An understudy last year, Corbett said that experience helped introduce her to the choreographers and prepare her for this year’s production.
Corbett will appear in the opening scene as part of a trio of ballerinas performing an excerpt of the classic “Swan Lake” set by ECU faculty member Galina Panova.
Corbett also will be featured in a fun, theatrical tap piece, “Chance of Rain,” choreographed by ECU faculty member Dirk Lumbard.
Not being forced to pick one type of dance over another drew Corbett to ECU’s all-around program in modern, jazz and ballet. “A lot of colleges make you choose, but here, you do everything,” she said. “Another reason I was interested in ECU is there are so many opportunities to perform, and perform in different settings.”
Last fall, the school added a second main stage performance, giving students another opportunity, which speaks to the growth of the program.
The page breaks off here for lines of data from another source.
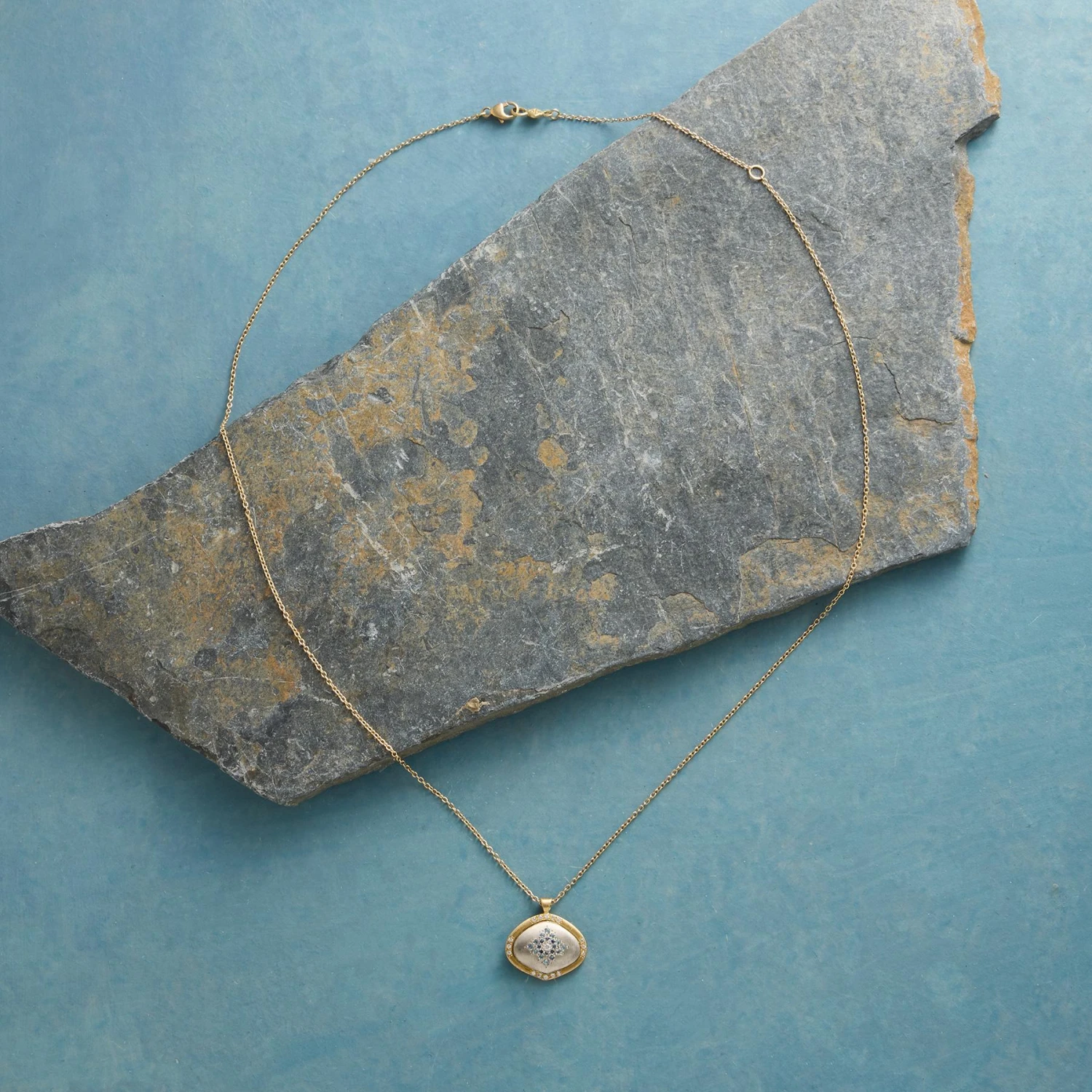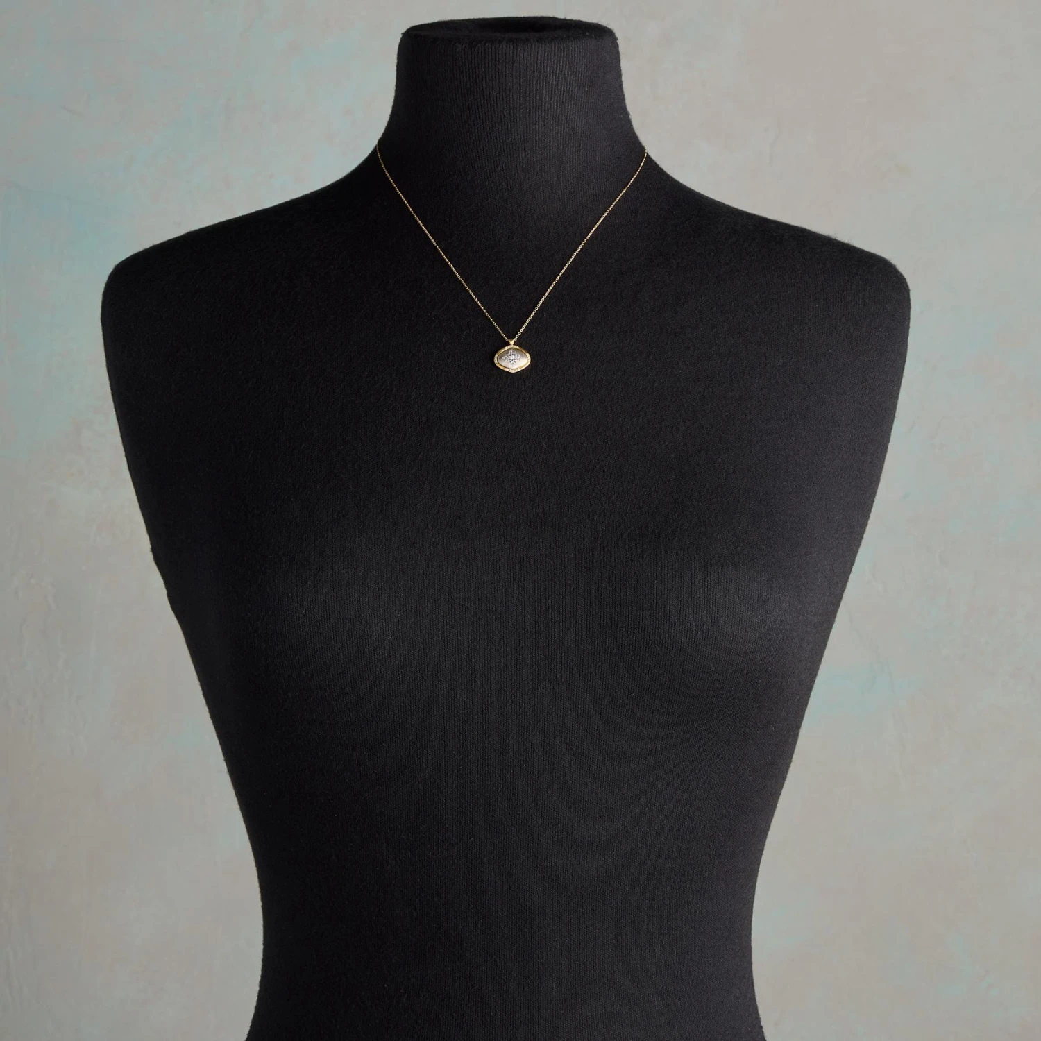 Framed in 18kt gold aglitter with diamonds, Adel Chefridi’s sterling silver pendant hosts a mosaic of diamond, aquamarine and sapphire. 18kt gold chain and lobster clasp. Handmade in USA. 16″ or 18″L; 5/8″ drop.
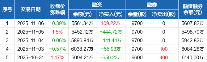 苏泊尔:融资净买入109.22万元,融资余额5561.34万元(11-06)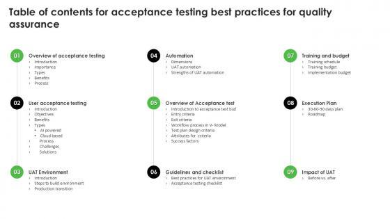 Create an editable Acceptance Testing Best Practices For Quality Assurance Table Of Contents PPT Sample that communicates your idea and engages your audience. Whether you are presenting a business or an educational presentation, pre designed presentation templates help save time. Acceptance Testing Best Practices For Quality Assurance Table Of Contents PPT Sample is highly customizable and very easy to edit, covering many different styles from creative to business presentations. Slidegeeks has creative team members who have crafted amazing templates. So, go and get them without any delay. Our Acceptance Testing Best Practices For Quality Assurance Table Of Contents PPT Sample are topically designed to provide an attractive backdrop to any subject. Use them to look like a presentation pro.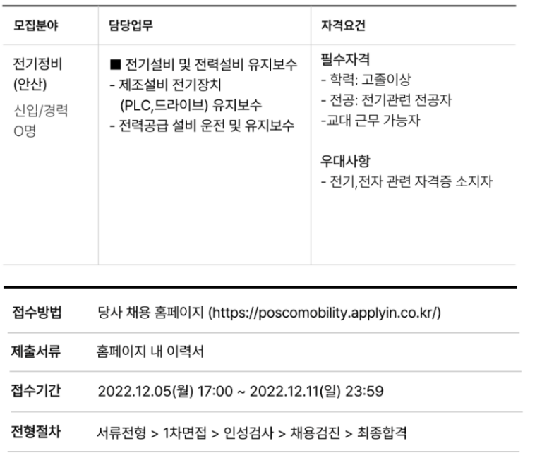 포스코모빌리티솔루션 자소서, 생산직 합격 자기소개서 첨삭+채용공고 분석

Another is the expected 2016 opening of a $4 million dance building in renovated space one block west of the corner of 10th and Evans streets.
Patricia “Patti” Weeks has taught modern dance at ECU for 35 years and has helped choreograph parts of ECU’s annual main stage dance performance since its start.
“There is always variety in the show, but I feel this one has one of the broadest ranges of topics, approaches, ideas and music,” Weeks said. “You’ll see a wide range of performance qualities, really strong athletic dance to subtle character interactions.”
One of six ECU faculty choreographers, Weeks created “Hearts are Young,” an original modern piece about falling in love featuring seven dancers. “It’s about the potential of fresh young love,” she said. “The concept is they want to commit but can’t.”
Creating a story for an audience without words is an interesting process, one that ultimately gives the viewer freedom to interpret, she said.
“We don’t have a script, which is wonderful,” Weeks said. “We don’t expect the audience to understand every movement but maybe it’s just making a connection with the beauty of the movement or making them think about their lives in a different way.”
Dance 2015 also will feature work by guest artists including hip-hop choreographer Joe-Joe “Grooves” Smith and Roni Koresh, artistic director of the Koresh Dance Company, in conjunction with the S. Rudolph Alexander Performing Arts Series.
More than 100 ECU students and at least a dozen faculty members are involved in the production, many working behind the scenes.